▶ _About this exercise_
Reproduce each line of the material exactly, minus any picture.

▶ _Provided material_
++++++++++

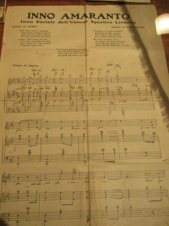 Non poteva mancare all’interno dell’esposizione anche uno spazio dedicato all’Inno Amaranto,“L’amaranto è la nostra bandiera”, risalente agli anni Trenta, composto dal maestro Alberto Montanari, su testo dell’avvocato Giorgio Campi. Sarà esposto lo spartito e probabilmente anche il disco originale. Certa la sua esecuzione in occasione dell’inaugurazione della mostra.
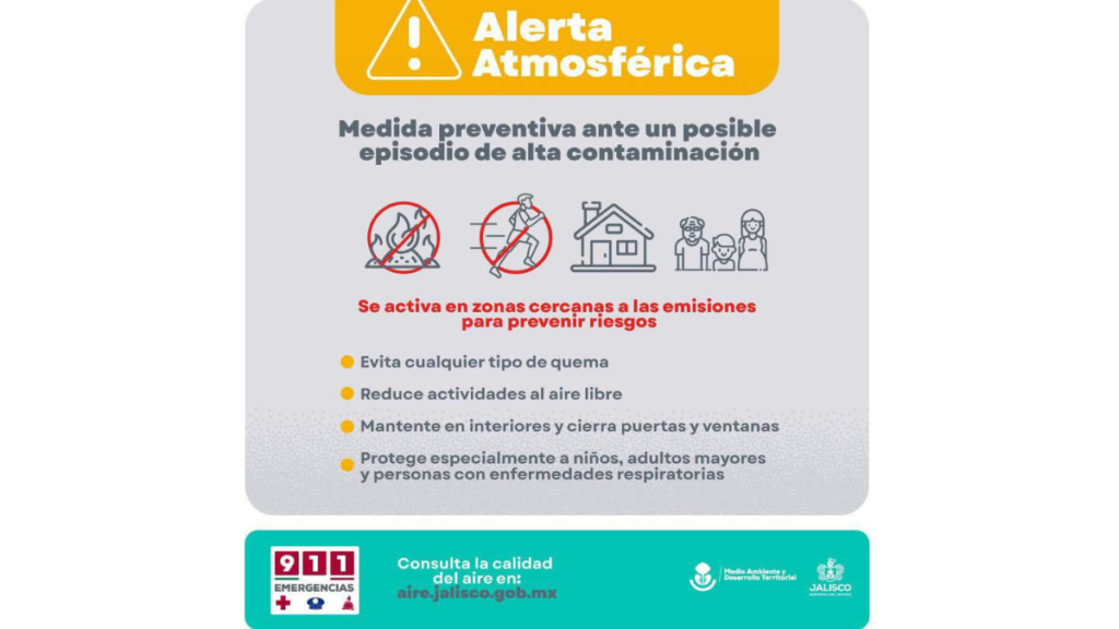 Se puede consultar la calidad del aire en tiempo real, así como el seguimiento al estatus de este y otros episodios de mala calidad del aire en la cuenta de X (@AireySaludAMG). La información relacionada a la calidad del aire se puede obtener a través del sitio web https://aire.jalisco.gob.mx/ .
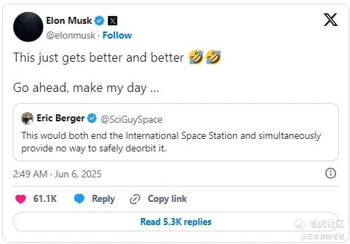 他随后转发了一条帖子,暗示终止政府合同将导致国际空间站解散,并配上了笑脸表情。“来吧,让我开心一下……”他说。

++++++++++

▶ _Answer to the problem_
 Non poteva mancare all’interno dell’esposizione anche uno spazio dedicato all’Inno Amaranto,“L’amaranto è la nostra bandiera”, risalente agli anni Trenta, composto dal maestro Alberto Montanari, su testo dell’avvocato Giorgio Campi. Sarà esposto lo spartito e probabilmente anche il disco originale. Certa la sua esecuzione in occasione dell’inaugurazione della mostra.
 Se puede consultar la calidad del aire en tiempo real, así como el seguimiento al estatus de este y otros episodios de mala calidad del aire en la cuenta de X (@AireySaludAMG). La información relacionada a la calidad del aire se puede obtener a través del sitio web https://aire.jalisco.gob.mx/ .
 他随后转发了一条帖子,暗示终止政府合同将导致国际空间站解散,并配上了笑脸表情。“来吧,让我开心一下……”他说。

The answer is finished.